++++ DATA FOR ANALYSIS ++++

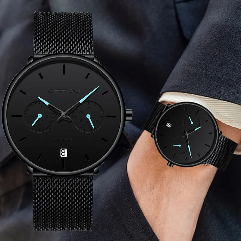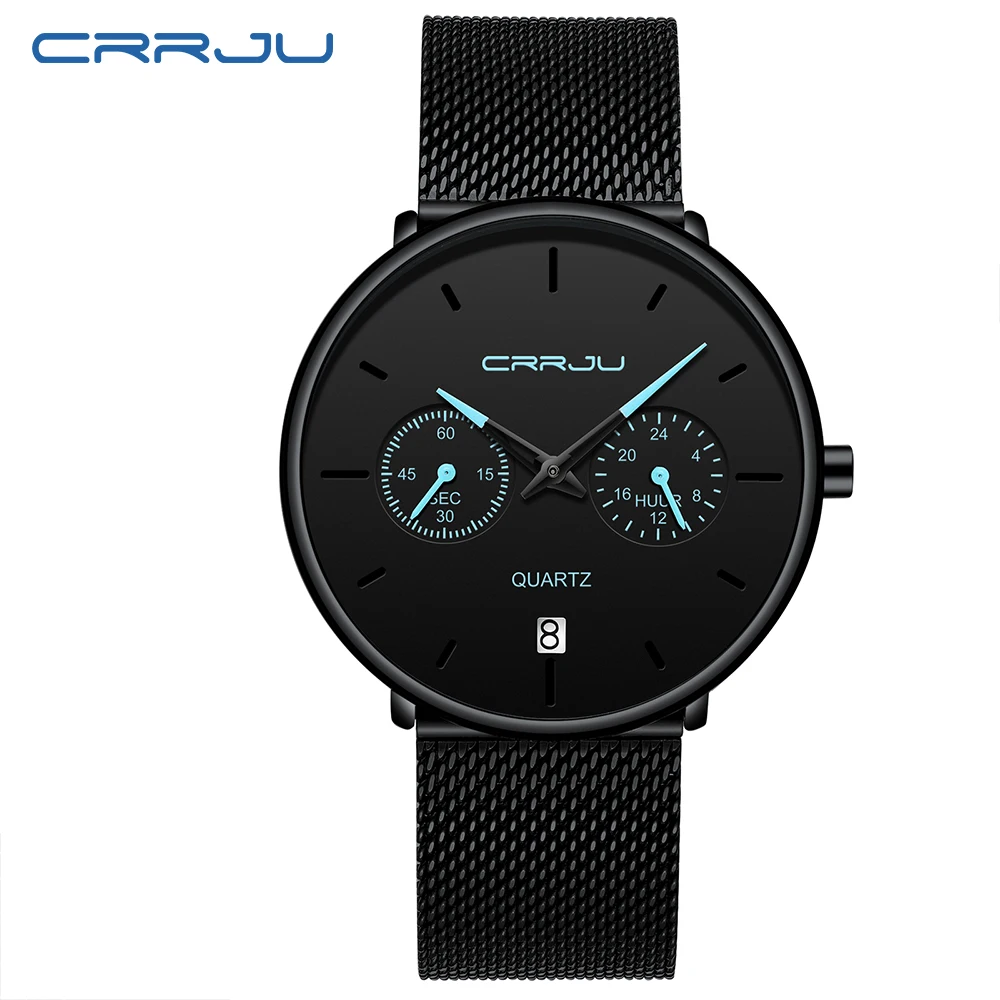 Мужские часы CRRJU, полностью стальные повседневные водонепроницаем...
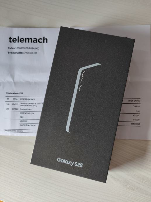 Prodajem Samsung S25, boja crno plava, sa 256GB memorije, kupljen 29.12.25, korišten od 14.01.26, kao nov, maskica i original Samsung punjač, račun i garancija 2 godine
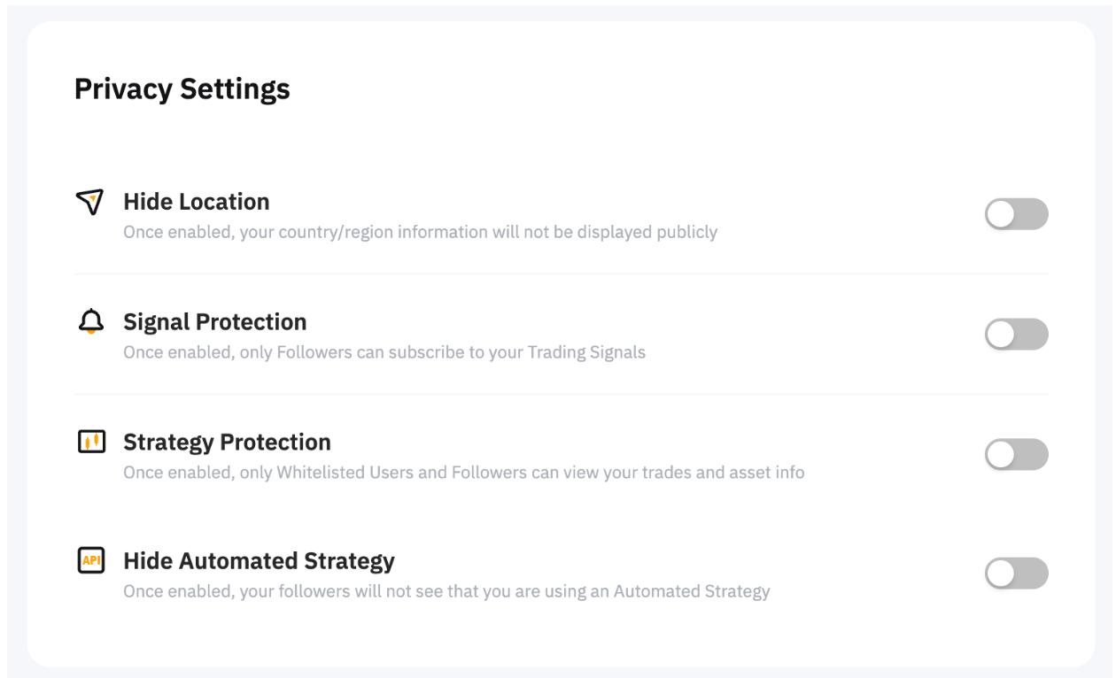 У розділі «Налаштування конфіденційності» ви можете керувати відображенням вашого розташування, захистом сигналу, захистом стратегії або приховати автоматичну стратегію від загалу.
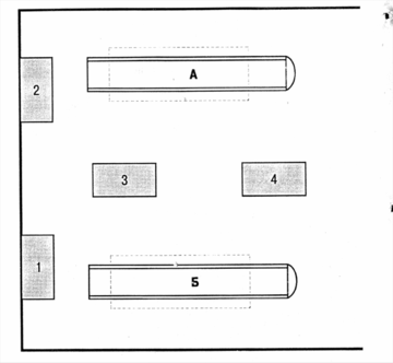 Рабочие места для этих специалистов на постах технического обслуживания ПТОР размещаются в зависимости от расположения осмотровых канав, наличия оборудования и особенностей устройства ПТОР. На рис. 2 показана схема расположения рабочих мест специалистов ПТОР с двумя тупиковыми постами.
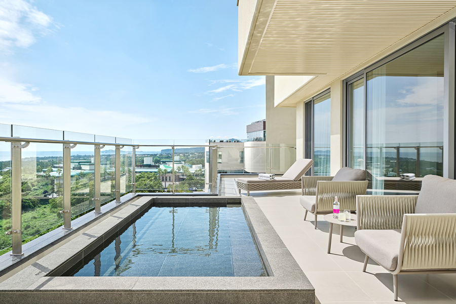 ‘프레스티지 힐 스위트’는 힐 스위트관 내 위치한 193.1m2 규모의 최상급 객실로4인부터 최대 8인까지 투숙이 가능해 패밀리 고객을 위한 휴식 공간으로도 제격이다. 두 개의 침실과 거실, 별도의 응접실이 준비되어 있으며 야외 발코니에 마련된 프라이빗 풀을 이용하며 아름다운 제주의 사계절을 만끽할 수 있다.
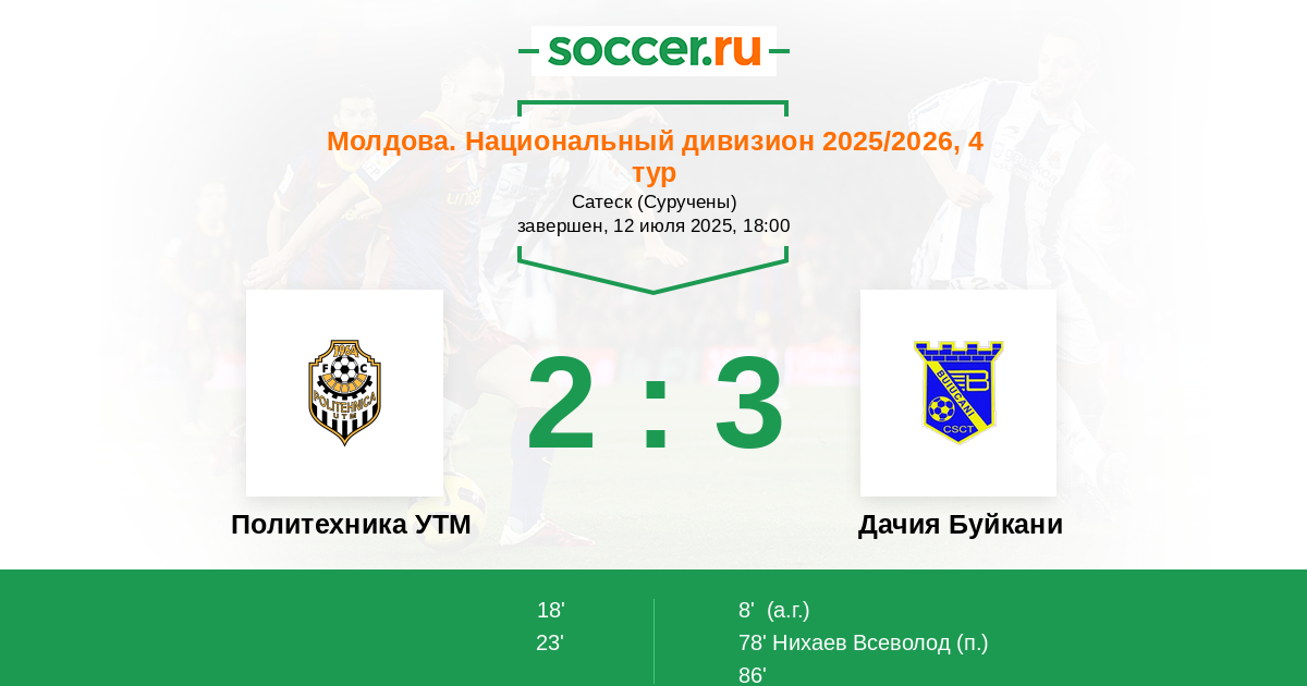 Запасные: 1 C. Leu, 7 Спринцан Артур, 13 Туев Артур, 2 Фортуна Нику, 3 Гонца Кристиан (с 66'), 9 Пегза Фабиан (с 52'), 12 Урсу Александру, 16 Гхинаитис Александру (с 64'), 19 Гумени Николае, 23 Андрейчу Данил (с 64')

++++

| WHAT TO DO |
The exact lines from the beginning of the data through the one that contains "Prodajem Samsung S25, boja" must be given again, both ends included, and pictures must be left out.

| ANSWER BOX |
 Мужские часы CRRJU, полностью стальные повседневные водонепроницаем...
 Prodajem Samsung S25, boja crno plava, sa 256GB memorije, kupljen 29.12.25, korišten od 14.01.26, kao nov, maskica i original Samsung punjač, račun i garancija 2 godine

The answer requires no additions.